Background: To investigate sex differences in coronavirus disease 2019 (COVID-19) outcomes in a large Illinois-based cohort.
Methods: A multicenter retrospective cohort study compared males versus females with COVID-19 infections from March 1, 2020, to June 21, 2020, in the Rush University System. We analyzed sex differences in rates of hospitalization, intensive care unit (ICU) admission, vasopressor use, endotracheal intubation, and death in this cohort. A multivariable model correcting for age and sum of comorbidities was used to explore associations between sex and COVID-19-related outcomes.

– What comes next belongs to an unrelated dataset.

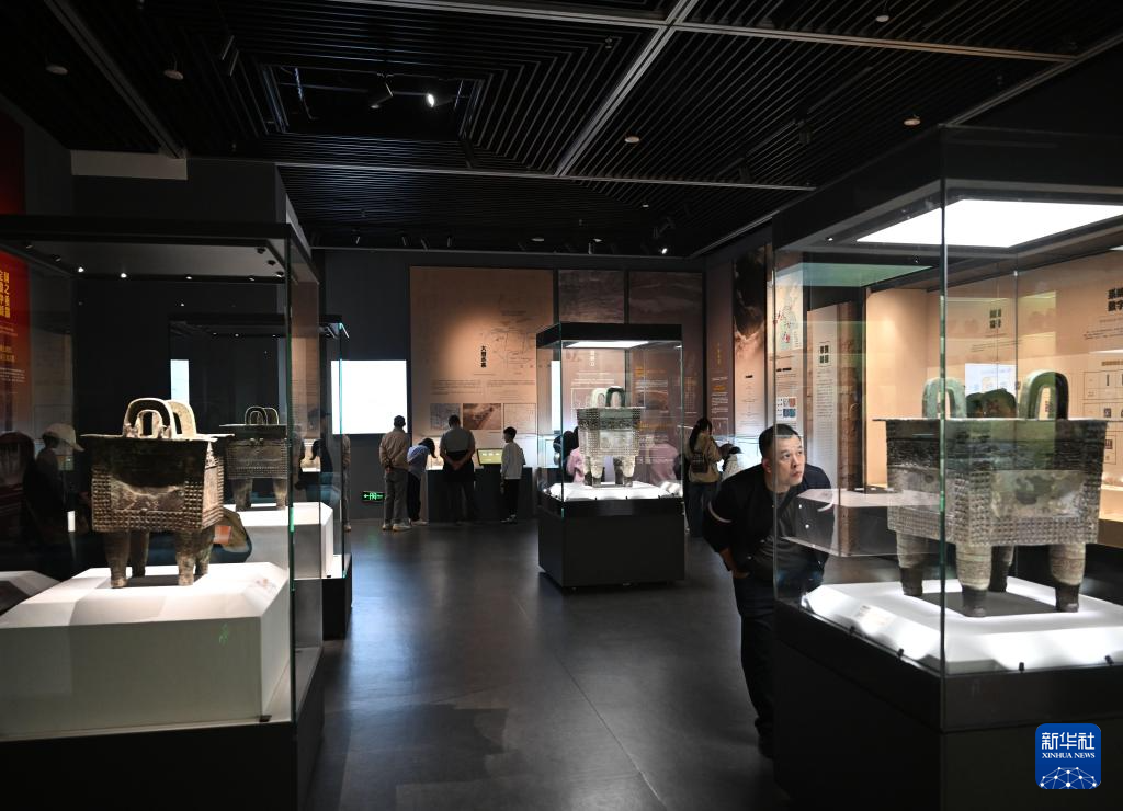 10月3日,游客在郑州商代都城遗址博物院“国宝回家乡——纪念郑州商城发现70周年考古新发现展”上参观杜岭一号方鼎。

Results: There were 8108 positive COVID-19 patients—4300 (53.0%) females and 3808 (47.0%) males. Males had higher rates of hospitalization (19% vs. 13%; p < 0.001), ICU transfer (8% vs. 4%; p < 0.001), vasopressor support (4% vs. 2%; p < 0.001), and endotracheal intubation (5% vs. 2%; p < 0.001). Of those who died, 92 were males and 64 were females (2% vs. 1%; p = 0.003). A multivariable model correcting for age and sum of comorbidities showed a significant association between male sex and mortality in the total cohort (odds ratio, 1.96; 95% confidence interval, 1.34–2.90; p = 0.001).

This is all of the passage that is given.